Cartridges of Ramses II
Titulature Pharaoh consists of five names (see 1 st line of the pillar) of which the latter two are included in a cartridge (hieroglyphic symbol, elongated [oval] form and closed by a node, which contains the name of a pharaoh and has the function of protecting his name): his name of king of Upper and Lower Egypt (or coronation name), here “Ousermaâtrê Setepenrê”, and his name of “Son of Rê” (or birth name), here “Ramses Méryamon”.
Representations on the Top Left
Ramses II made an offering of two vases-nou (or globular wine vases) to the god Min of Coptos. He is clothed with the attributes of the pharaoh: crown- khepresh, uraeus, Loincloth, bull’s tail, and sandals.
Representations on the Right
Ramses II presents incense to the god Horus of Baky. He is clothed with the attributes of the pharaoh: crown- khepresh, uraeus, Loincloth, bull’s tail, and sandals.
Horus de Baky is a hieracocephalic (falcon-headed) god who presides over the Nubian site where this commemorative stele was found, namely the Quban.
Event of Drilling
Below translation has taken from the translation Stèle royale de Ramsès II
dite « Stèle de Kouban ». The line to line hieroglyphic translation was done by Bernard Mathieu, the doctor in Egyptology. A total of 38 lines is present on the stele. The important lines which describe the event of drilling has taken here.

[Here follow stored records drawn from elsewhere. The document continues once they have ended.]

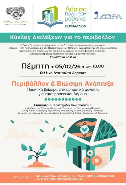 Η επόμενη διάλεξη με τίτλο «Τα πιο πρακτικά βιώσιμα επιχειρηματικά μοντέλα για Επιχειρήσεις και Δήμους» θα πραγματοποιηθεί την Πέμπτη 5 Φεβρουαρίου 2026, στις 18:00, στο Γαλλικό Ινστιτούτο Λάρισας με ομιλήτρια την καθ. Κωνσταντίνα Κοτταρίδη.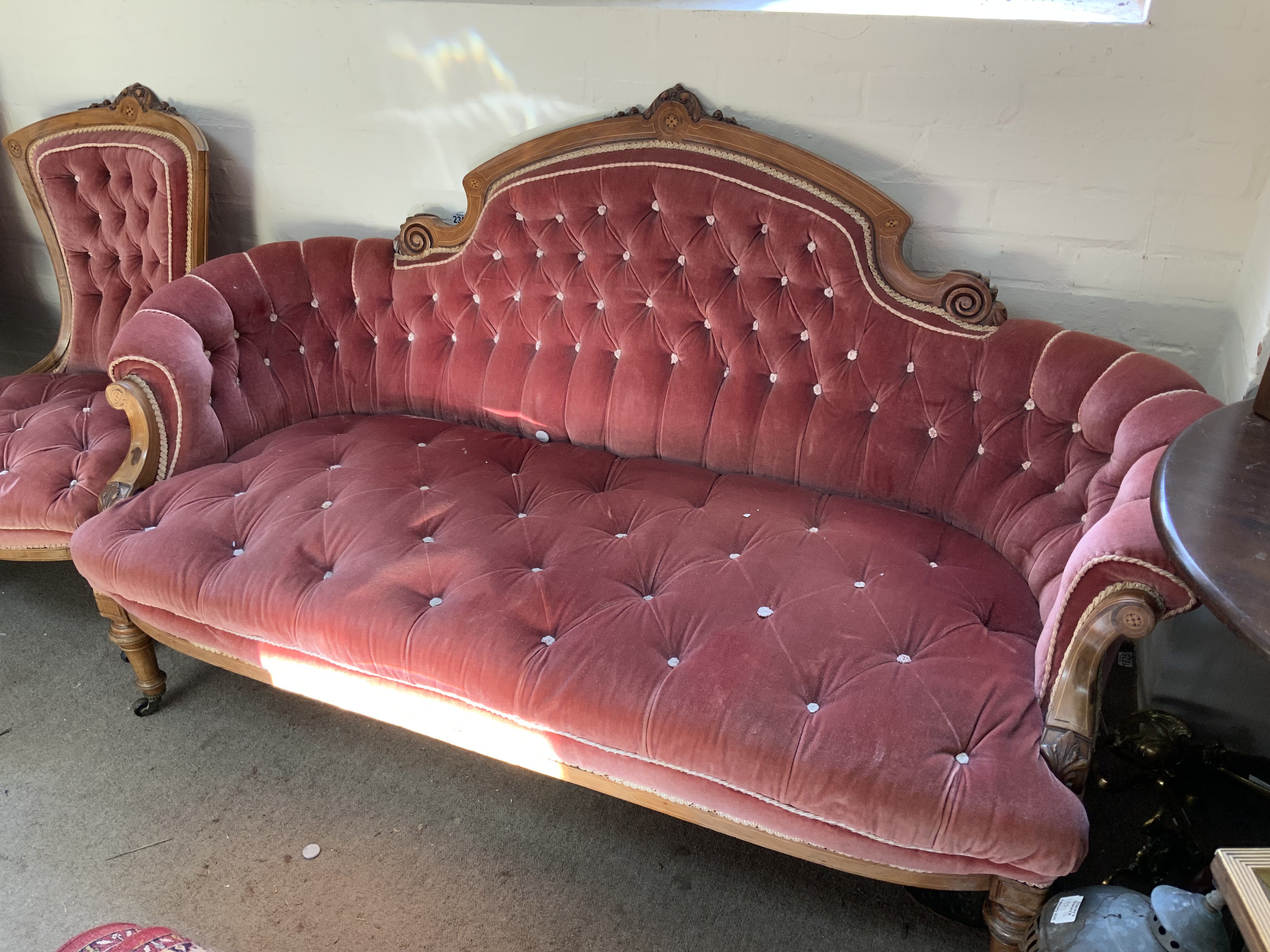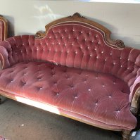 A Large Victorian upholstered sofa together with matching ladies and gents armchairs.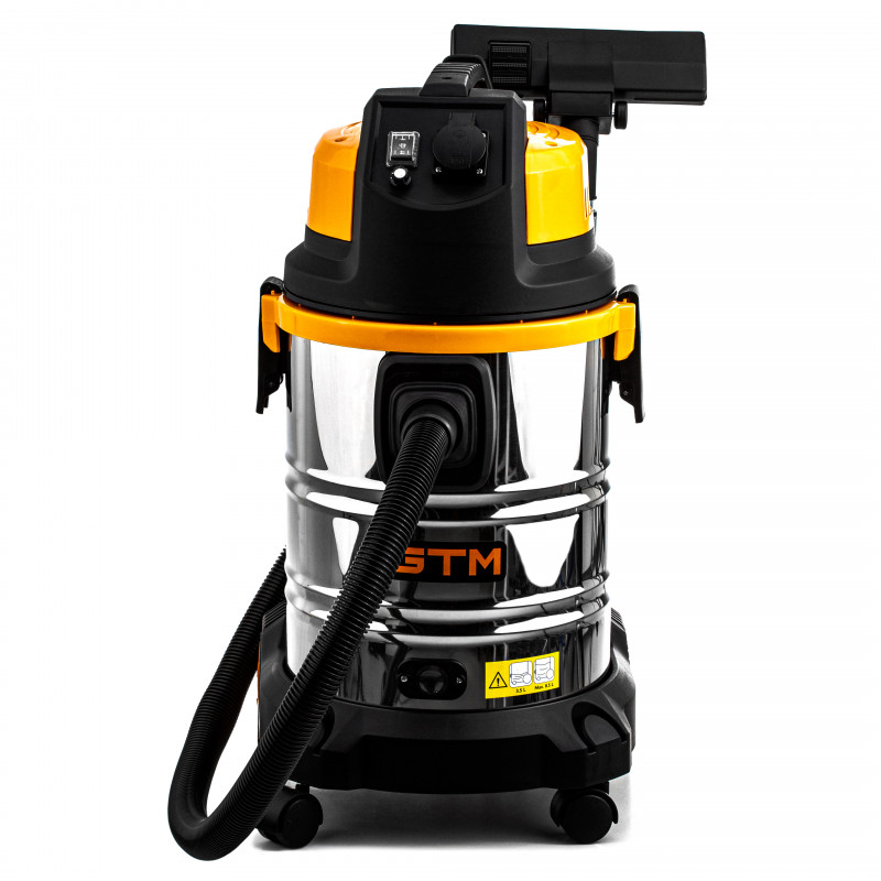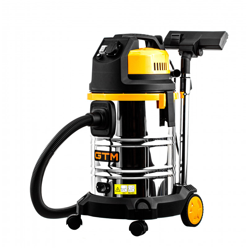 GTM JN 508 - промисловий пилосос для прибирання сухого та вологого сміття, а також збору води. Сертифікований для роботи з пилом класу L. Працює від побутової електромережі з напругою 220 В. Його контейнер виготовлено з нержавіючої сталі та має ємність 30 літрів чого достатньо для поглинання грубого або дрібного сміття.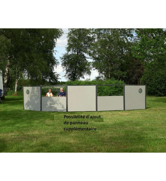 | Ce paravent de camping ou de plage intègre une partie transparente de type "cristal" au centre, cela permet de vous protéger du vent tout en conservant une visibilité ou une surveillance sur l'extérieur Ce paravent brise-vent est en polyester enduit coloris gris clair Possibilité d'ajout de panneaux supplémentaires de 140 cm x L 154 cm (en option), permettant de couvrir une longueur importante: pour les mobile-home, camping-car, protection jacuzzi, piscine etc... Il est livré avec les barres inox (barres horizontales supérieures comprises), haubans, sardines |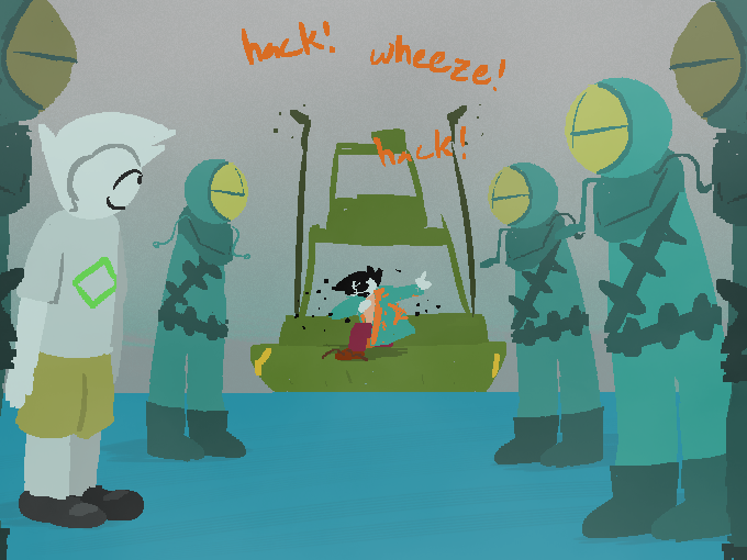 Embarrassingly, you break out into one of your coughing fits. Well, there goes standard procedure. CXKC CKXC!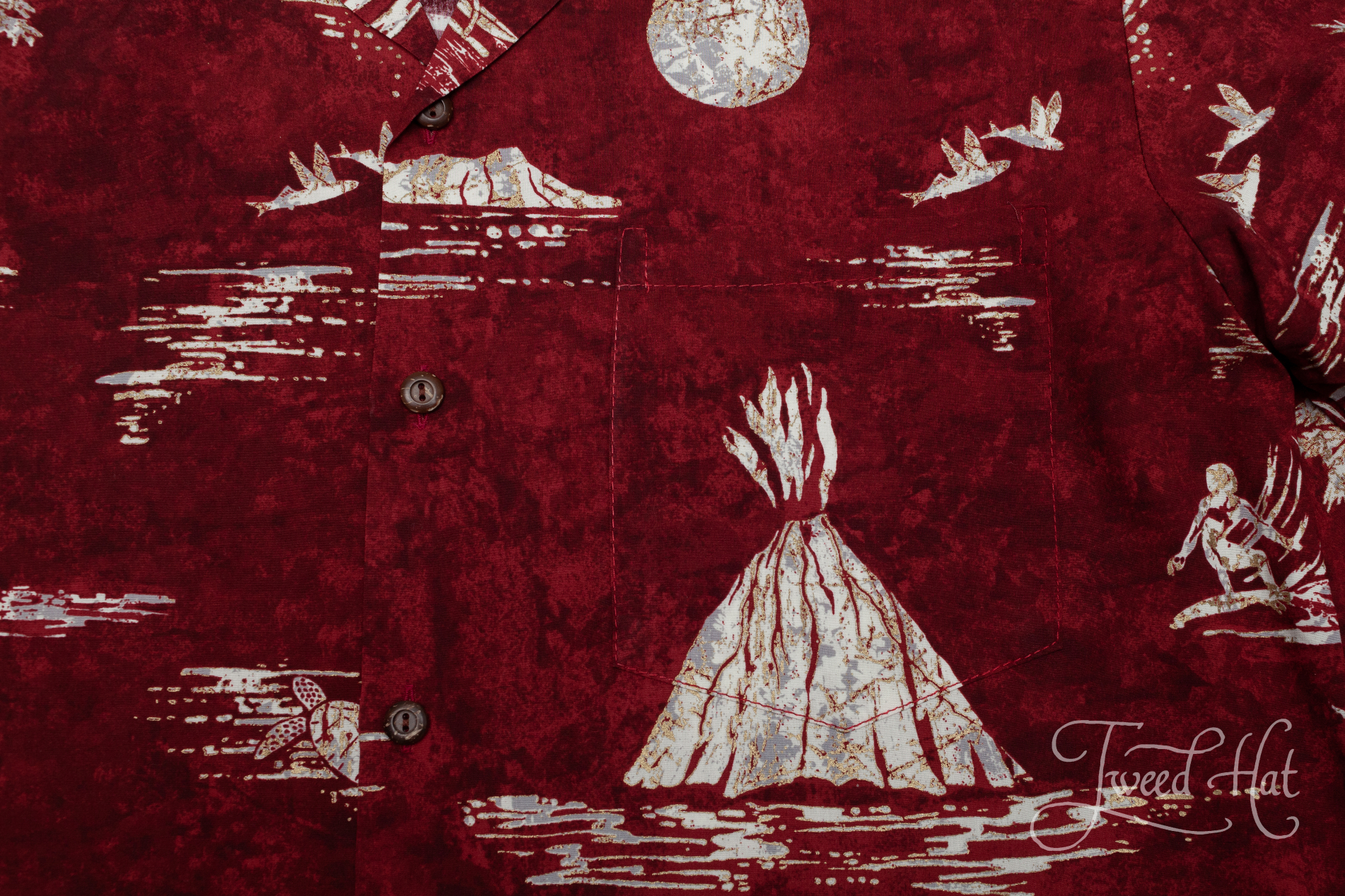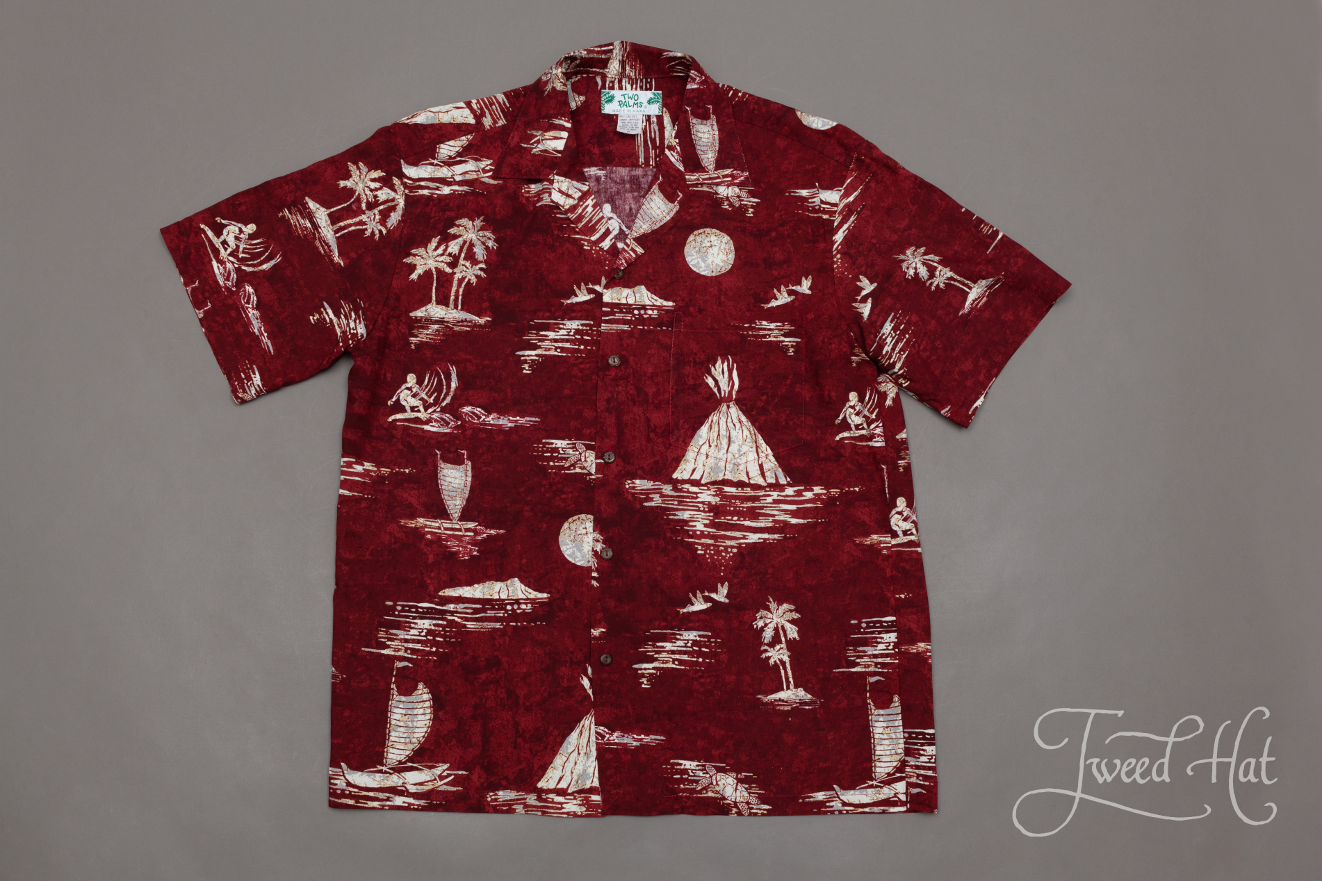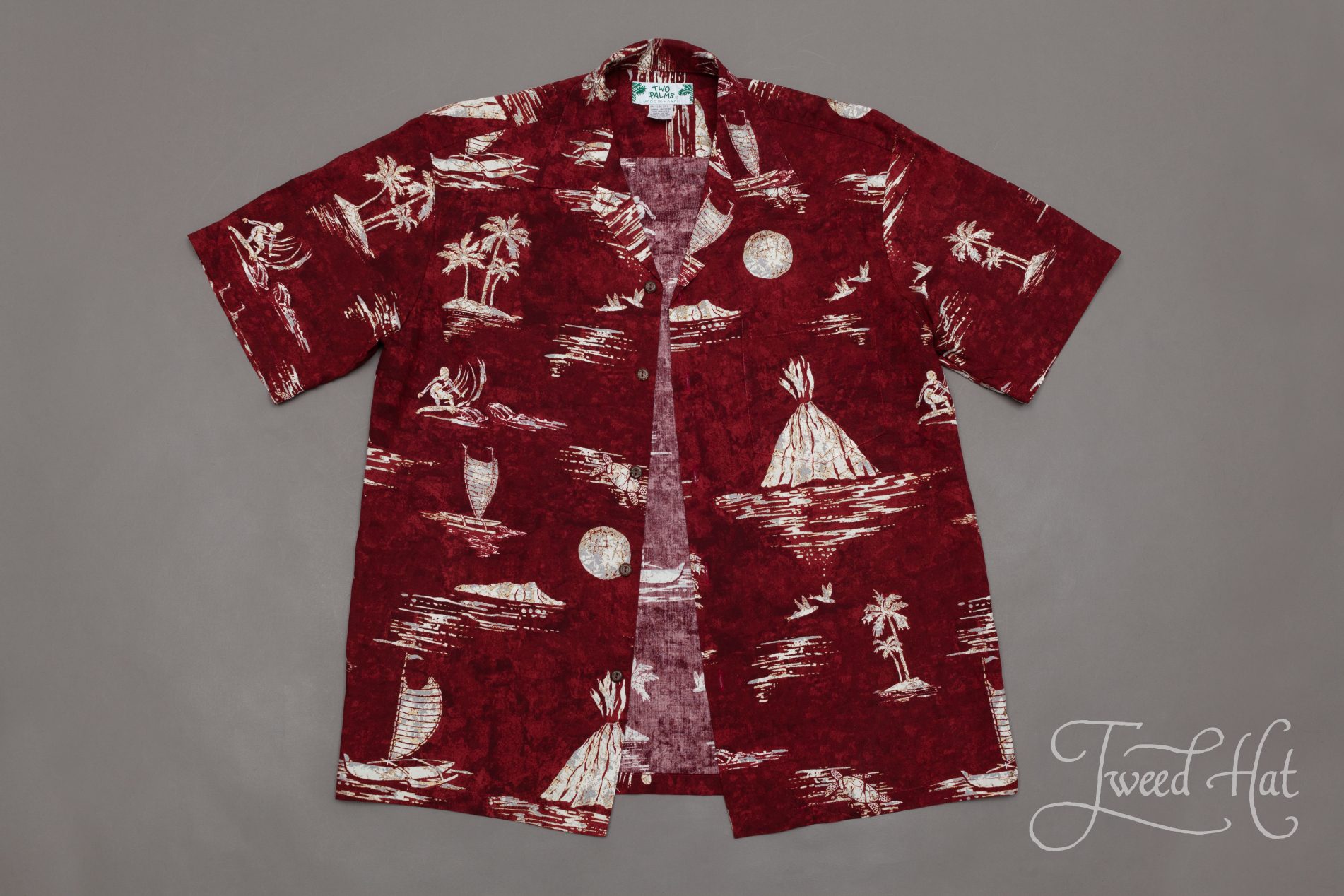 Классическая гавайская рубашка от маленькой фабрики Two Palms из Гонолулу, столицы Гавайских островов.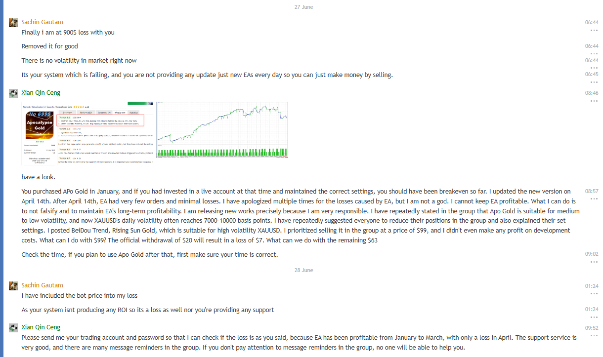 I heard that you only lost $300, which is a happy thing. When you first said that my EA lost $900, it scared me. Chat records will be made public.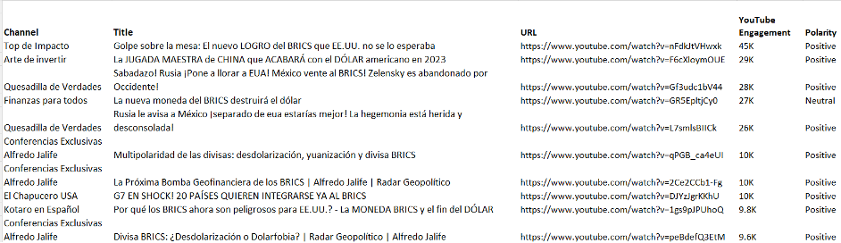 Content related to the rise of the BRICS also appeared in YouTube channels in the months ahead of the summit, with the most popular videos favoring de-dollarization and the creation of the bloc’s digital currency for global exchange. Pro-Kremlin YouTube channels seemingly based in Mexico posted the most popular content in Spanish discussing BRICS.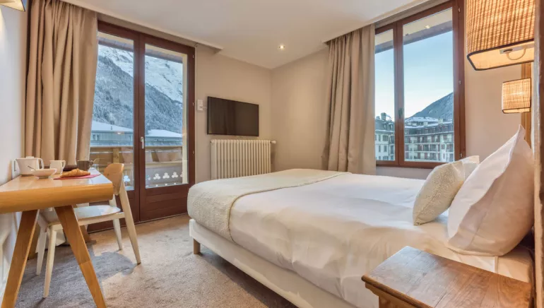 In winter, enjoy a moment of contemplation with the majestic Mont Blanc as a backdrop and the crackling fire in the bar’s fireplace. In summer, unwind in the garden by the river or relax by the pool while taking in the breathtaking panorama.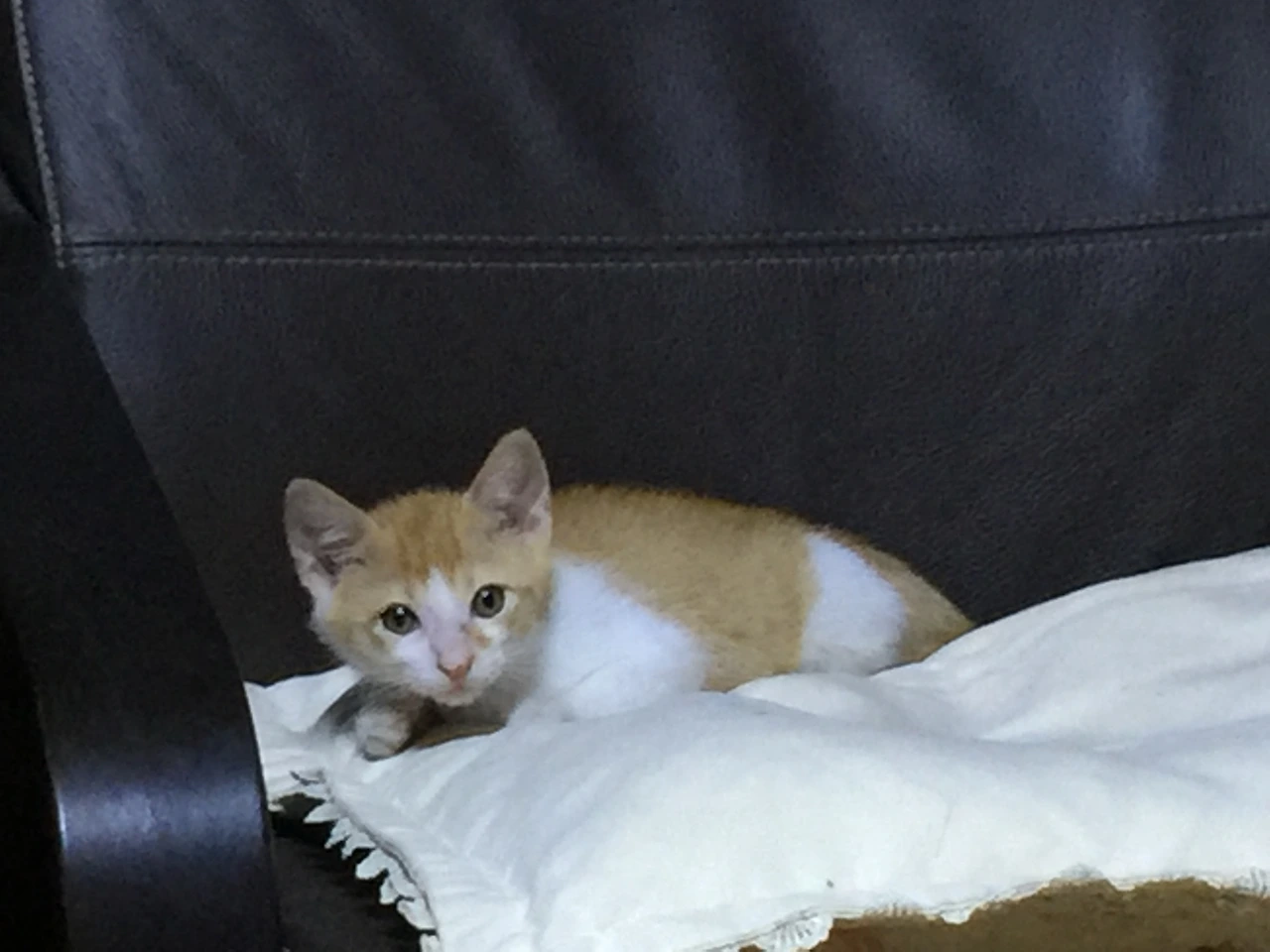 어미에게 버림받고 차고에서 발견된 치즈 태비 수컷이었는데, 가엽게도 온 몸이 종합병원이었다. 귓속에 진드기가 가득하고, 심한 눈병에, 감기에, 링웜(전염성 높은 피부질환)까지...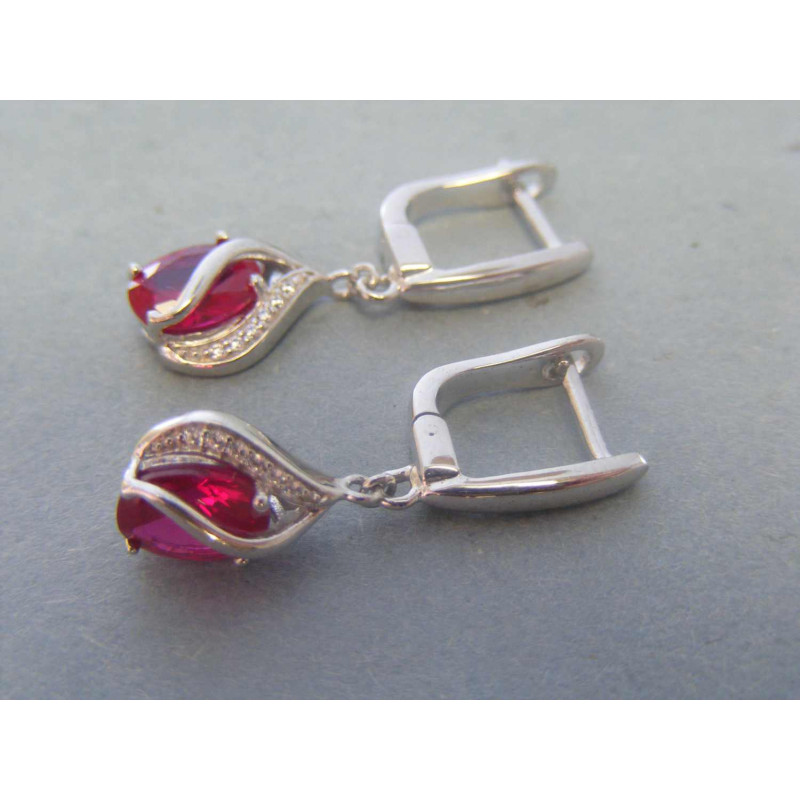 Zaujímavé dámske visiace náušnice, ktoré sú zdobené červeným zirkónom. Náušnice sú vyrobené zo striebra.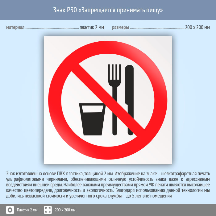 Знак P30 «Запрещается принимать пищу» (пластик, 200х200 мм) в Хотьково купить

One fine day, His Majesty, who sat on the throne ( behedu ) of Electrum and appeared with the dried headband and the two feathers, began to think of the countries from which gold is brought and reflect on the purpose of drilling
wells on difficult roads due to (lack of) water, after hearing: “There is a lot of gold in the Akayta region, but its route is extremely difficult because of (the lack of water. If
His Majesty then replied to these greats: “It’s absolutely right, whatever you say, my subjects. Water has not been extracted from this country since the time of the god, as you (they) say. I’m going to drill a well there to give water every day like in [Upper and Lower Egypt where the river flows (?)]
[… Sovereign, my lord…, everything happened in accordance with] what Your Majesty had said with his own mouth. Water came out twelve cubits, to a depth of four cubits
An extraordinary masterpiece of art that tells us the whole story of the well drilling in the extreme desert. This will be called the very balanced thinking of a king to advance his kingdom. If people continue to die thirsty, then it will be difficult to get the gold and Ramses were well aware about this. Now that well has sunk under Nasir Lake. But do not know how many years the passengers must have quenched their thirst with that water.